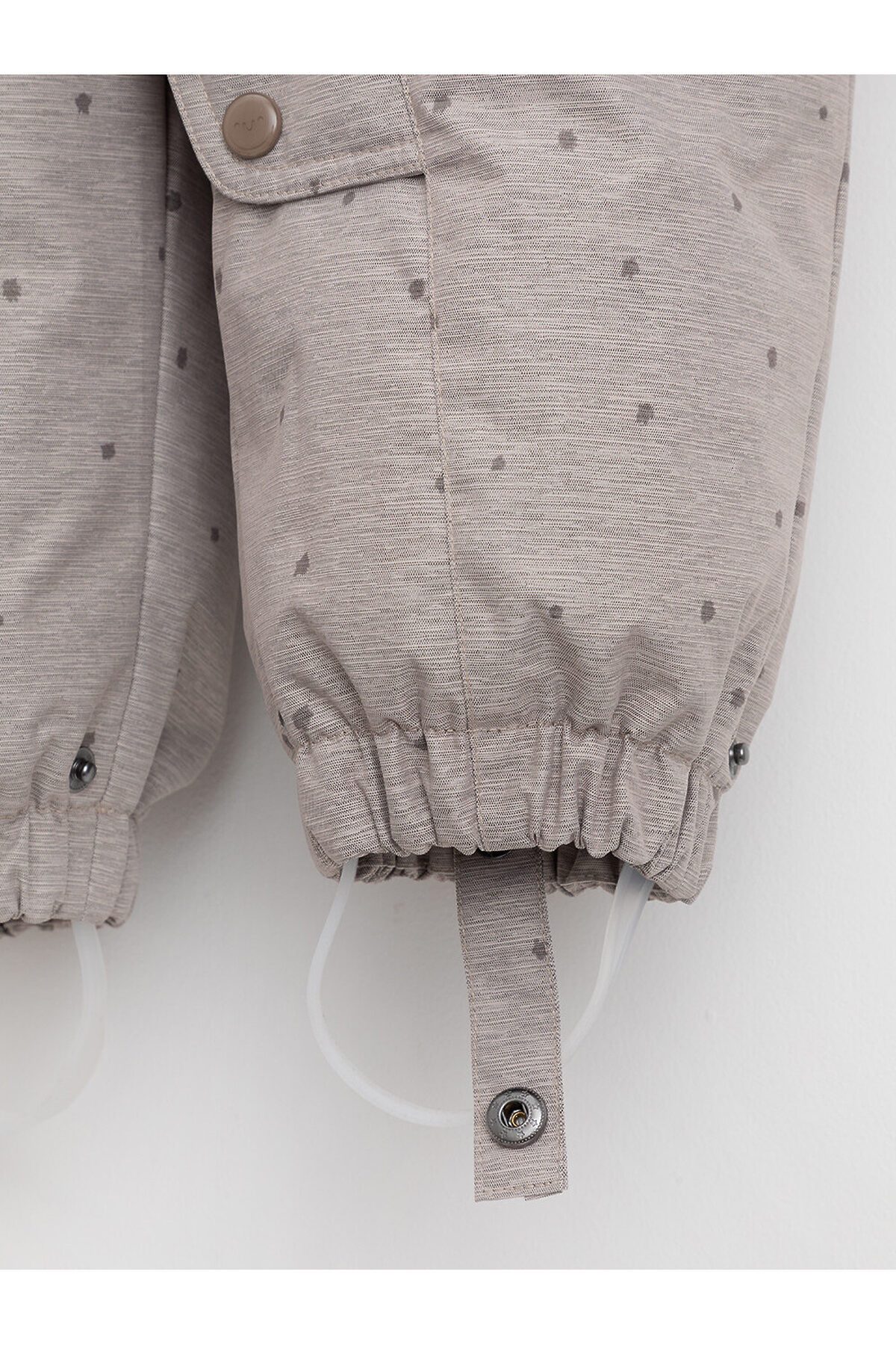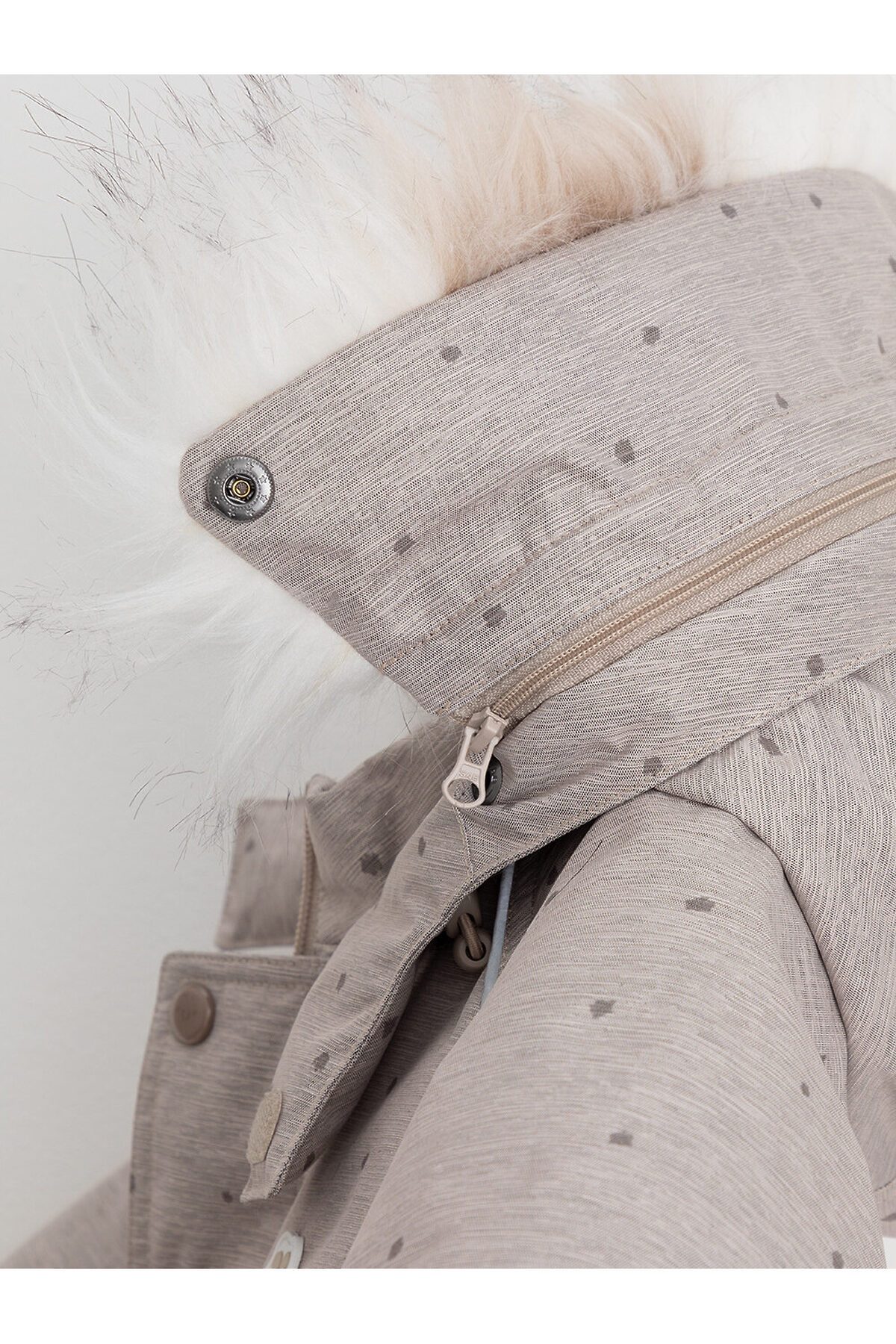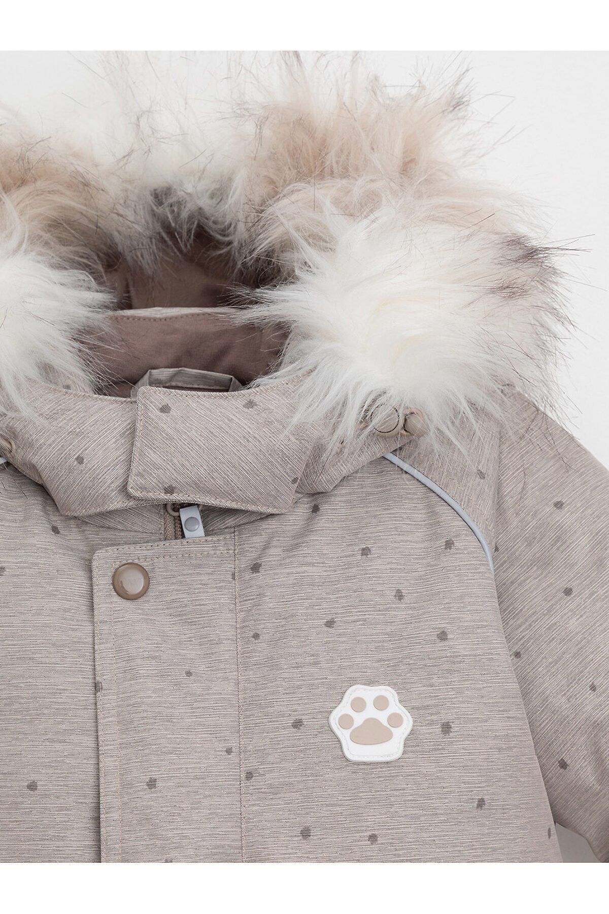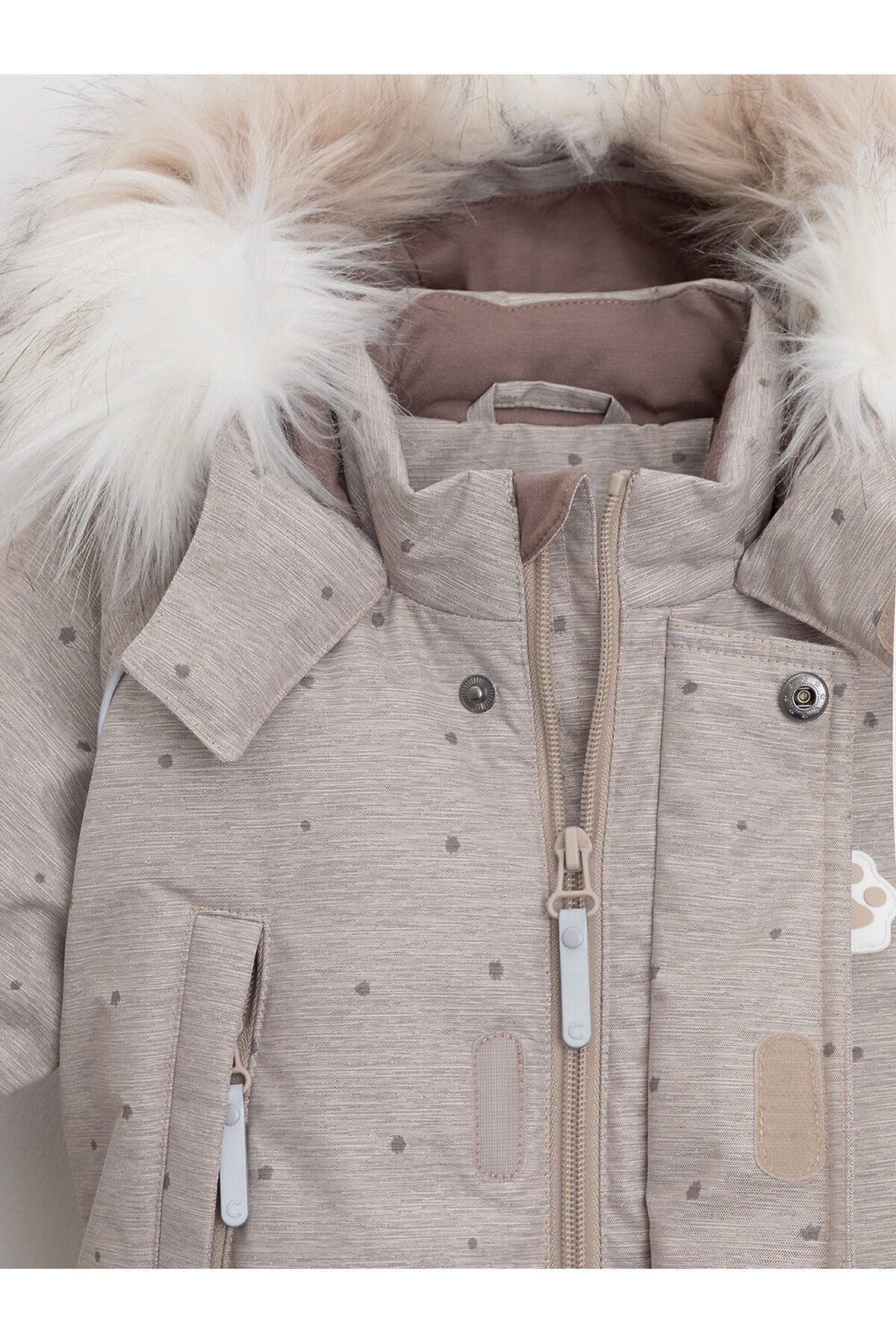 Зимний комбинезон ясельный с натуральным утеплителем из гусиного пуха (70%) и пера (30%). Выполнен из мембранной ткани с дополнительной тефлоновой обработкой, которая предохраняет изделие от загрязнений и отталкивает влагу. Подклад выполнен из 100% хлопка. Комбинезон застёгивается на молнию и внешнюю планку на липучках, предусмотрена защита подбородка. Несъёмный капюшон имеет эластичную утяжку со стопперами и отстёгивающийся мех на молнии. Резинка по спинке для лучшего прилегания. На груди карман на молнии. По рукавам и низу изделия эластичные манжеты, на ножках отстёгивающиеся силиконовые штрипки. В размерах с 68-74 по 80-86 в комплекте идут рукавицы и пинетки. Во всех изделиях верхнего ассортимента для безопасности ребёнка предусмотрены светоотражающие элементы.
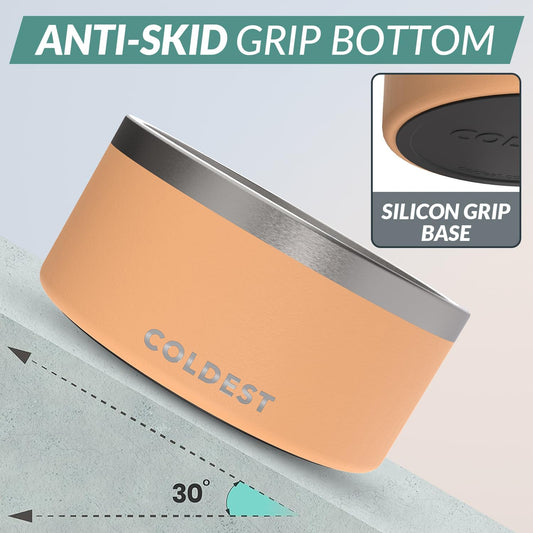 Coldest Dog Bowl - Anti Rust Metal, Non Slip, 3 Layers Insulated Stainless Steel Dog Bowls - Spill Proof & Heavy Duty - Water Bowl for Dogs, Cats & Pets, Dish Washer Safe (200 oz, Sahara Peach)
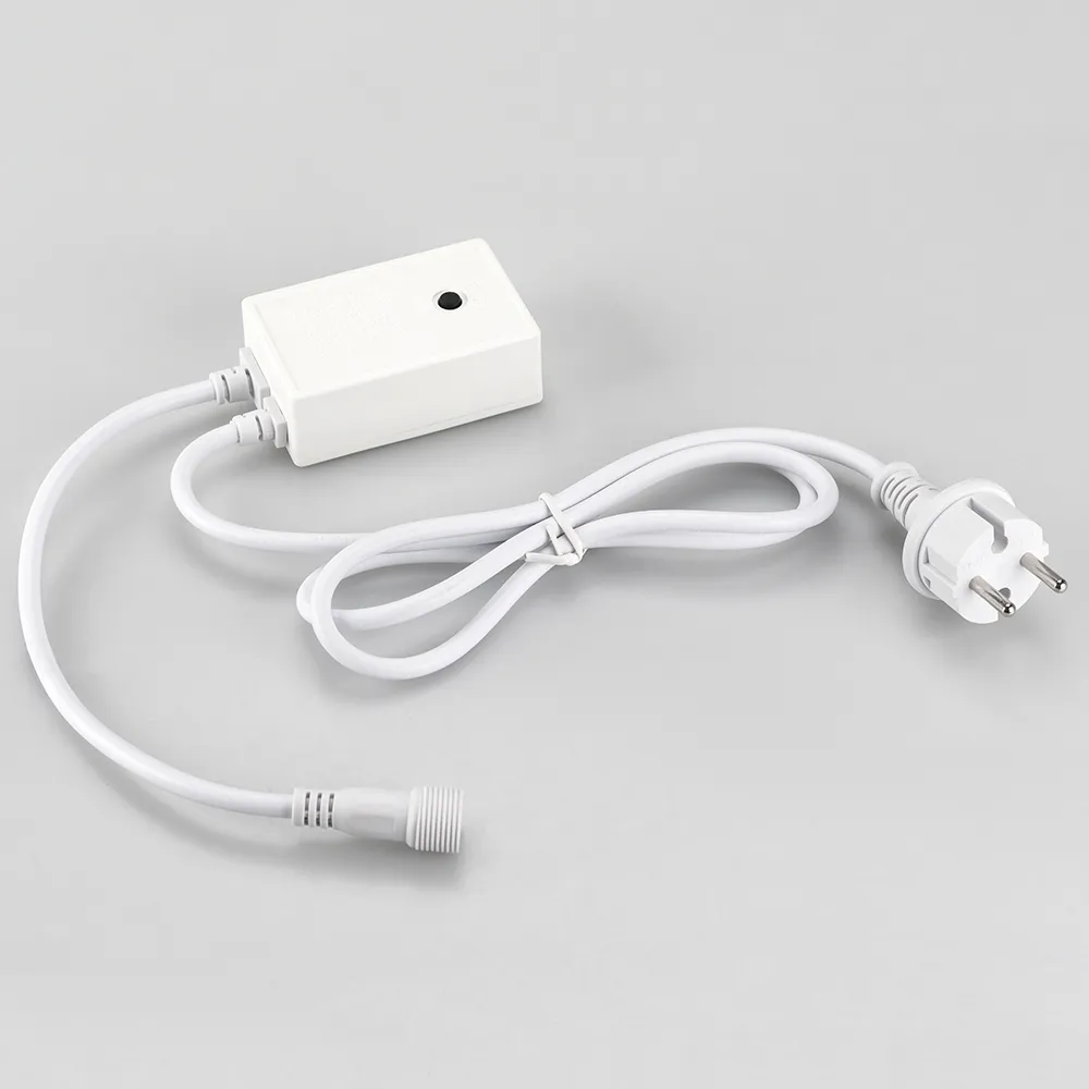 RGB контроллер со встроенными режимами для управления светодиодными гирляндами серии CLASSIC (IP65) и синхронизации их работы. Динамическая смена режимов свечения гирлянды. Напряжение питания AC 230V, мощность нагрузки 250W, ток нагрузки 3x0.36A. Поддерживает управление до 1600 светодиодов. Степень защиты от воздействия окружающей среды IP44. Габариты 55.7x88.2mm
# # # # #
## WHAT IS NEEDED
Exact repetition is the task: every line from the start of the data to the line with "Coldest Dog Bowl", inclusive, and none after it, pictures omitted.

## TASK RESPONSE
 Зимний комбинезон ясельный с натуральным утеплителем из гусиного пуха (70%) и пера (30%). Выполнен из мембранной ткани с дополнительной тефлоновой обработкой, которая предохраняет изделие от загрязнений и отталкивает влагу. Подклад выполнен из 100% хлопка. Комбинезон застёгивается на молнию и внешнюю планку на липучках, предусмотрена защита подбородка. Несъёмный капюшон имеет эластичную утяжку со стопперами и отстёгивающийся мех на молнии. Резинка по спинке для лучшего прилегания. На груди карман на молнии. По рукавам и низу изделия эластичные манжеты, на ножках отстёгивающиеся силиконовые штрипки. В размерах с 68-74 по 80-86 в комплекте идут рукавицы и пинетки. Во всех изделиях верхнего ассортимента для безопасности ребёнка предусмотрены светоотражающие элементы.
 Coldest Dog Bowl - Anti Rust Metal, Non Slip, 3 Layers Insulated Stainless Steel Dog Bowls - Spill Proof & Heavy Duty - Water Bowl for Dogs, Cats & Pets, Dish Washer Safe (200 oz, Sahara Peach)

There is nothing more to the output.